Required action:
Return the lines beginning at the one that contains "Illetve bár több" and running to the end of the records, exactly and with nothing else. Omit pictures.

[Records excerpted from a collection]

<<<<

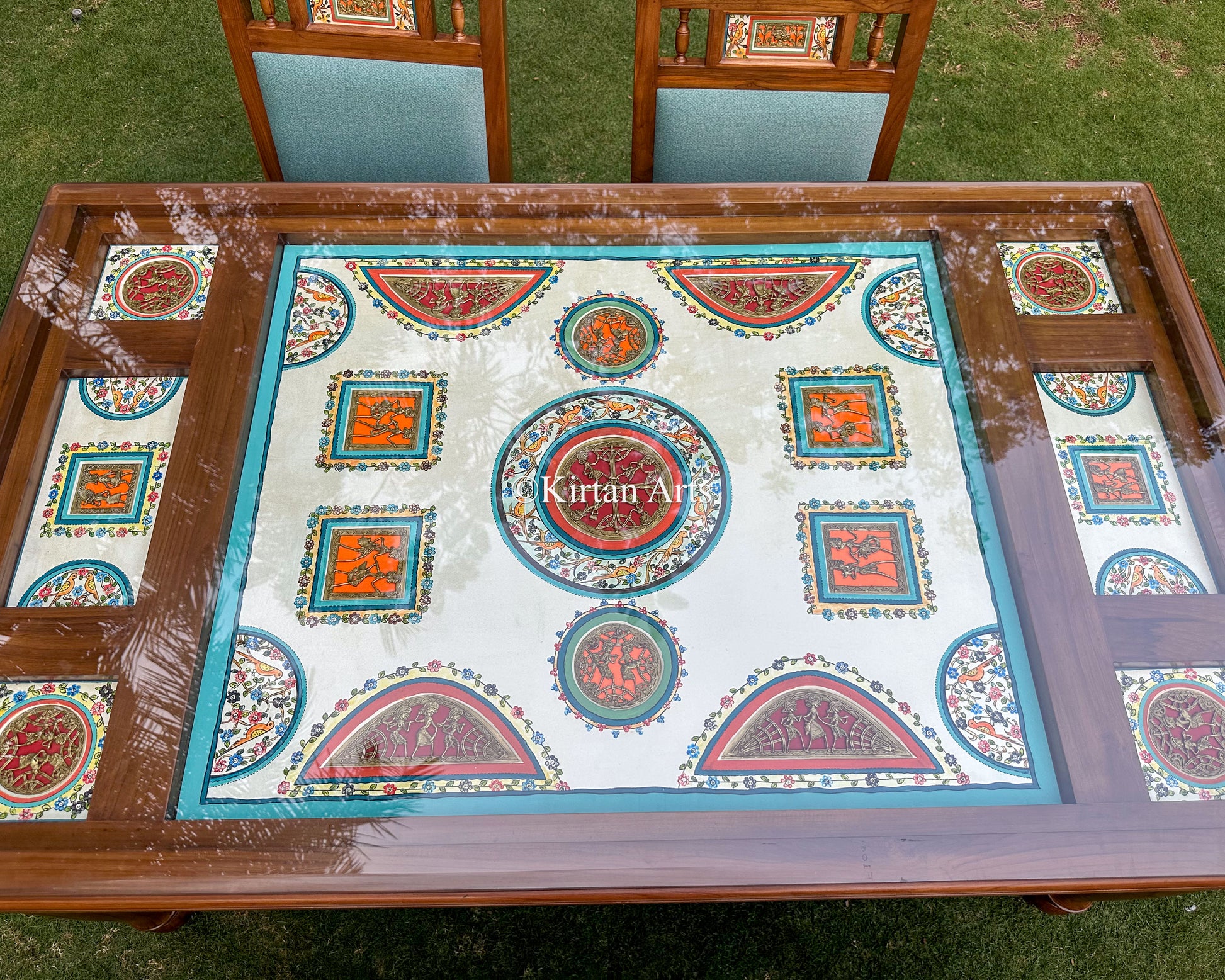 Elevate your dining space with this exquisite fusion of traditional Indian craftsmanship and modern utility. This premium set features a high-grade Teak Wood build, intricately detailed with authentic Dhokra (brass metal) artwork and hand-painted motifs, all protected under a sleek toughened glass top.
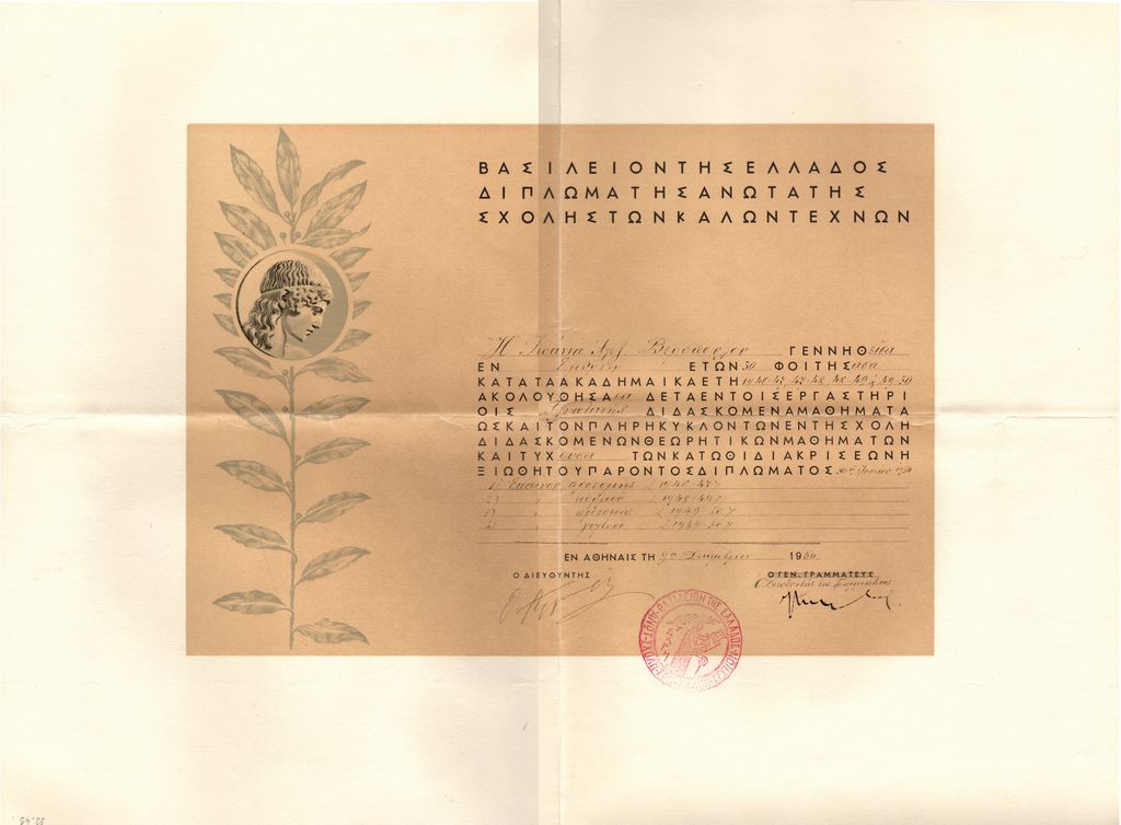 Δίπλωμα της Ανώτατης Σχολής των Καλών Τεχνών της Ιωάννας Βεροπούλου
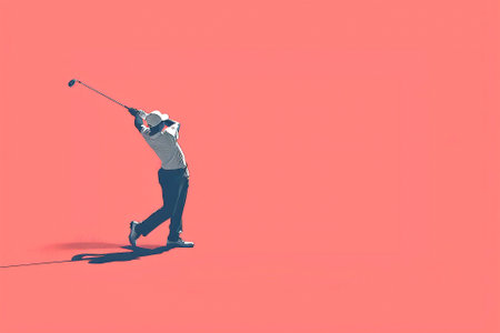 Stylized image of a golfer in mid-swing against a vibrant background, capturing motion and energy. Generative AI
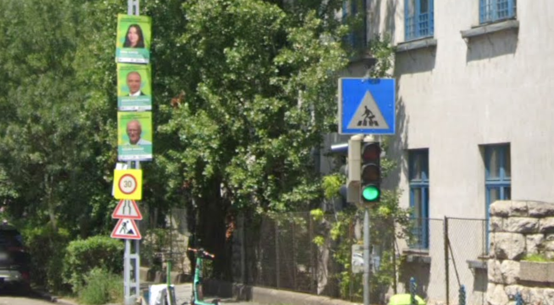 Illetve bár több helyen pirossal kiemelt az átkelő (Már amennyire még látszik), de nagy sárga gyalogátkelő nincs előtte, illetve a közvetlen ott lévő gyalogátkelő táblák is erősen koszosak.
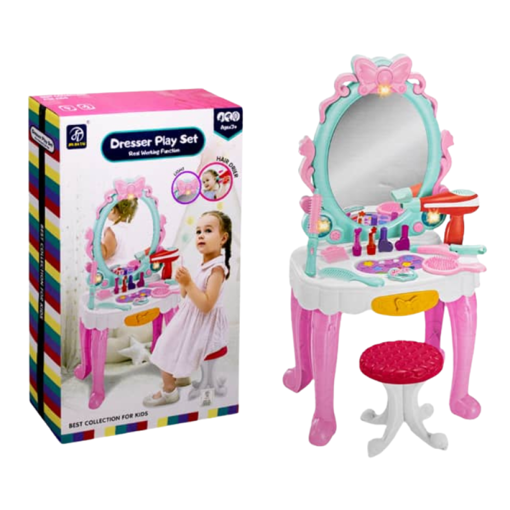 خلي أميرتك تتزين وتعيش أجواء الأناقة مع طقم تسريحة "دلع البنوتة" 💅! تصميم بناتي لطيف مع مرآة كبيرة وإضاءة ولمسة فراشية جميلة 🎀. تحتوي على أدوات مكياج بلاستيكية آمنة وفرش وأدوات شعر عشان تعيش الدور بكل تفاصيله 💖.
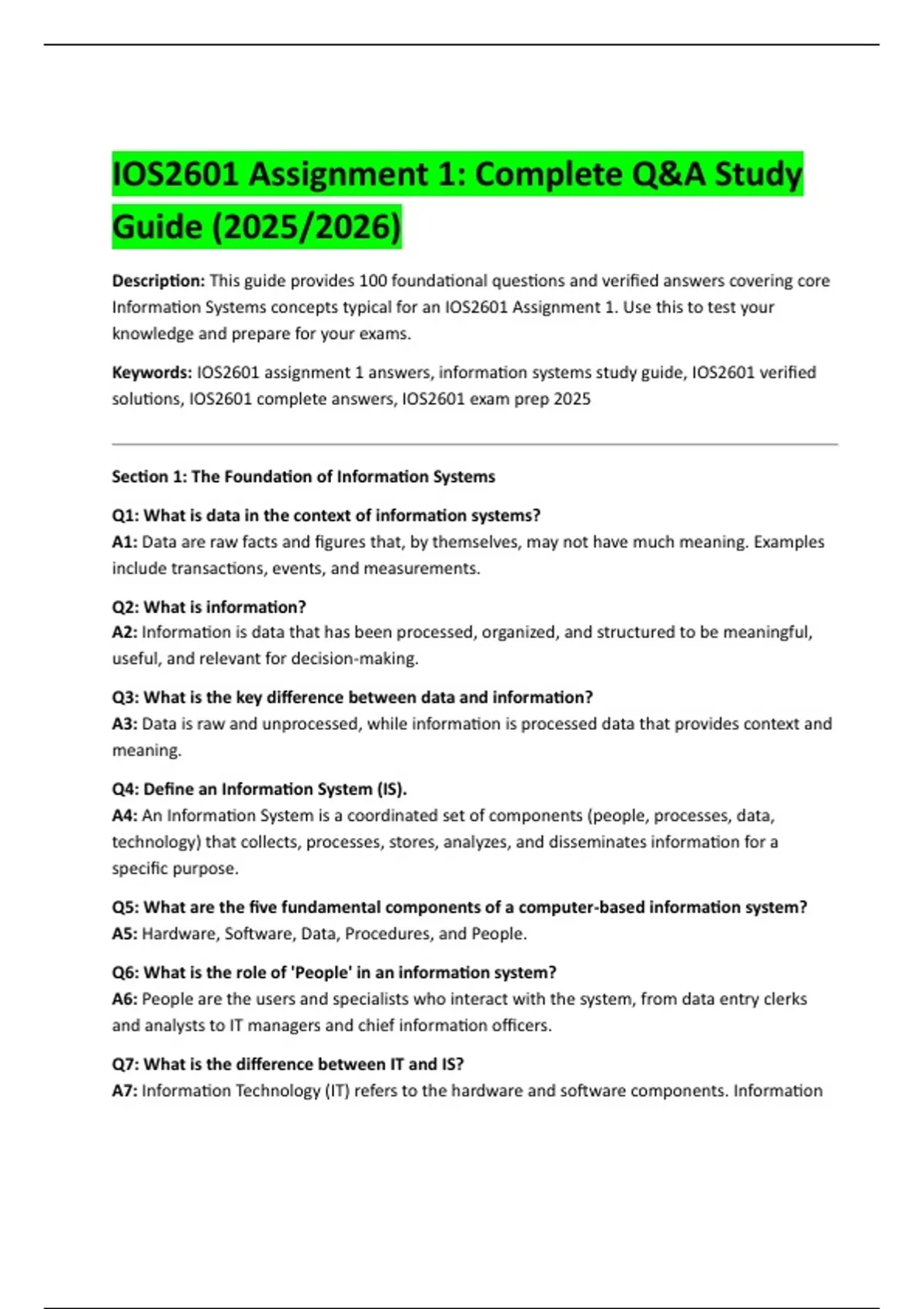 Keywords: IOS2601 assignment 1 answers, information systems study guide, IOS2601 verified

>>>>

Solution for this task:
 Illetve bár több helyen pirossal kiemelt az átkelő (Már amennyire még látszik), de nagy sárga gyalogátkelő nincs előtte, illetve a közvetlen ott lévő gyalogátkelő táblák is erősen koszosak.
 خلي أميرتك تتزين وتعيش أجواء الأناقة مع طقم تسريحة "دلع البنوتة" 💅! تصميم بناتي لطيف مع مرآة كبيرة وإضاءة ولمسة فراشية جميلة 🎀. تحتوي على أدوات مكياج بلاستيكية آمنة وفرش وأدوات شعر عشان تعيش الدور بكل تفاصيله 💖.
 Keywords: IOS2601 assignment 1 answers, information systems study guide, IOS2601 verified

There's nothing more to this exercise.